Conference: ACL 2026
arXiv: 2602.21394
Code: GitHub
Area: Security AI
Keywords: Phishing Detection, LLM Agent, Episodic Memory, Multi-modal Reasoning, Tool Calling

TL;DR¶

MemoPhishAgent (MPA) is proposed as the first memory-augmented multi-modal LLM agent specifically designed for phishing URL detection. By dynamically orchestrating five specialized tools and utilizing an episodic memory system to reuse historical reasoning trajectories, MPA achieves a 13.6% recall improvement on public benchmarks and a 20% improvement on real-world social media data. It has been deployed in production, processing approximately 60,000 high-risk URLs weekly.

Background & Motivation¶

Background: Phishing attacks continue to evolve, and traditional defenses (static blacklists, manual heuristic rules) provide insufficient coverage for new domains and techniques.
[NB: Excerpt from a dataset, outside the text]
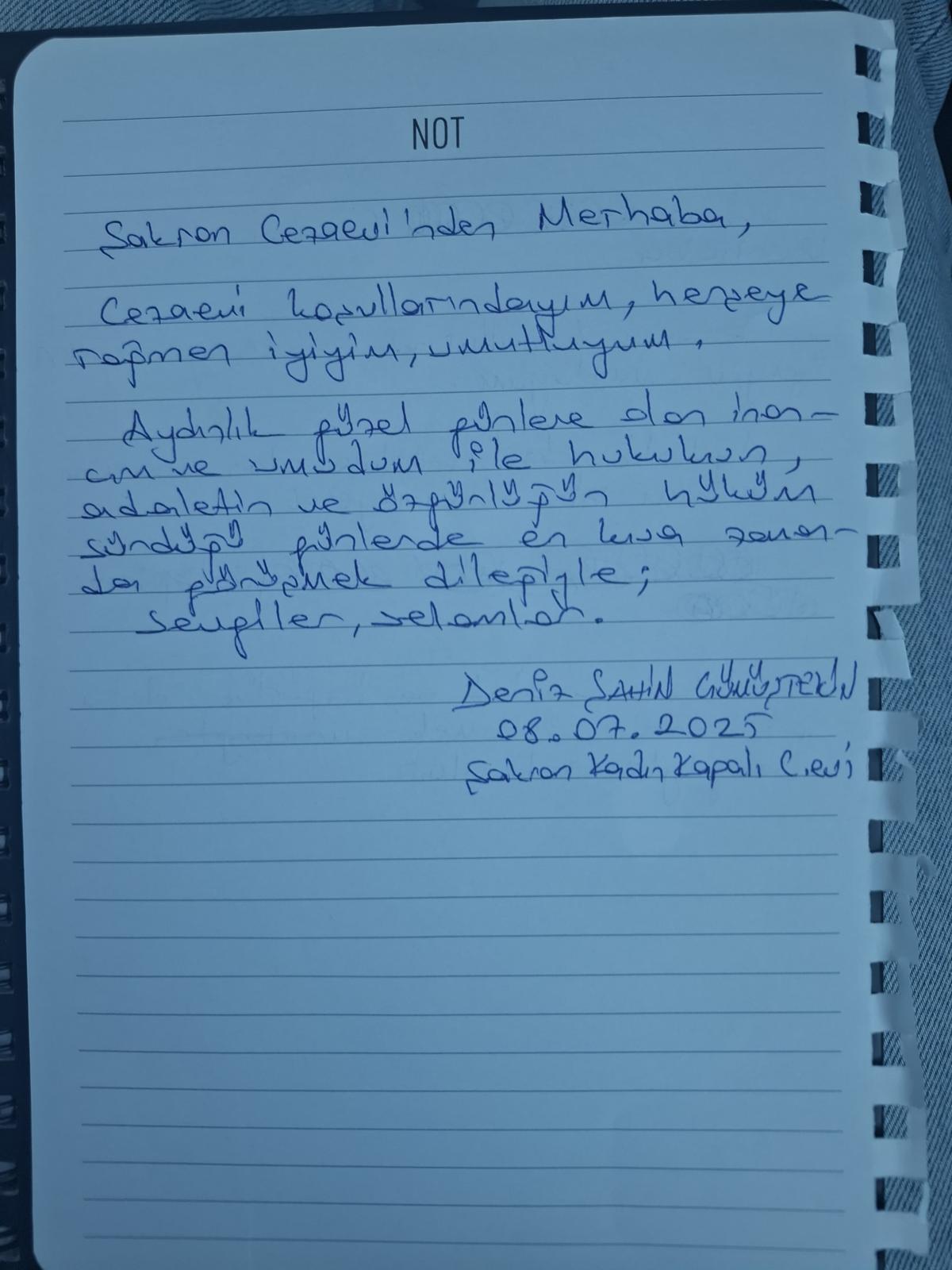 Yeni Şakran Cezaevinde tutuklu olan Genel İş İzmir 8 Nolu Şube Başkanı Deniz Şahin Gümüştekin, el yazısıyla bir mesaj gönderdi. Notta her şeye rağmen iyi ve umutlu olduğunu belirten Gümüştekin, “Adalet ve özgürlüğün hüküm sürdüğü günlerde en kısa zamanda görüşmek dileğiyle” ifadelerini kullandı.

Reference-based methods using brand-domain mapping improve robustness but suffer from high maintenance costs and lag behind new brands and subdomains.

Limitations of Prior Work: (1) Existing LLM solutions are mostly prompt-based deterministic pipelines, lacking adaptive evidence gathering capabilities; (2) Tools are used in fixed sequences (e.g., OCR followed by brand matching then domain verification), failing to adjust dynamically based on the current evidence state; (3) The absence of a memory system prevents the reuse of historical investigation experiences, leading to inefficient repetitive analysis of similar phishing patterns.

Key Challenge: Phishing attacks are non-stationary—attackers constantly change strategies—while defense systems are often memoryless, performing analysis from scratch every time.

Goal: Construct a phishing detection agent capable of dynamically adjusting evidence gathering strategies, learning from historical investigations, and suitable for production environments.

Key Insight: Model phishing detection as a multi-step reasoning process that simulates the investigative behavior of human experts, dynamically selecting tools to collect evidence.

Core Idea: Combine 5 specialized multi-modal phishing tools, a ReAct reasoning loop, and an episodic memory system (to store/retrieve historical reasoning trajectories) to achieve adaptive and learnable phishing detection.

Method¶

Overall Architecture¶

MPA receives a list of suspicious URLs, each processed by an Agent: (1) It dynamically selects from 5 specialized tools to collect multi-modal evidence (text + vision + external knowledge); (2) It performs multi-step reasoning within a "ReAct" loop, deciding the next action based on the current evidence state; (3) It utilizes an episodic memory system to retrieve similar historical cases to accelerate judgment or provide exemplars for guidance. The final output is a "Malicious" or "Benign" decision.

%%{init: {'flowchart': {'rankSpacing': 24, 'nodeSpacing': 28, 'padding': 6, 'wrappingWidth': 400, 'subGraphTitleMargin': {'top': 8, 'bottom': 16}}}}%%
flowchart TD
    A["Suspicious URL"] --> MEM
    subgraph MEM["Episodic Memory System: Retrieving Historical Case Laws"]
        direction TB
        B["LLM Extracts Contextual Keywords<br/>(e.g., apple login)"] --> C["Vector Index Retrieval<br/>top-k Neighboring Historical Reasoning Trajectories"]
    end
    MEM --> D{"Three-Level Memory Usage Strategy<br/>Categorized by Hit Count k′"}
    D -->|"k′=0 Unseen Pattern"| E["Full ReAct Cycle Forensics"]
    D -->|"0&lt;k′&lt;k Partial Similarity"| F["Historical Trajectories as Exemplars<br/>Guided ReAct Reasoning"]
    D -->|"k′≥k Highly Similar"| G["Majority Vote on Neighboring Historical Decisions"]
    subgraph TOOLS["5 Specialized Multi-Modal Phishing Tools"]
        direction TB
        T1["Crawl Content / Check Screenshot / Check Image<br/>Textual + Visual Forensics"]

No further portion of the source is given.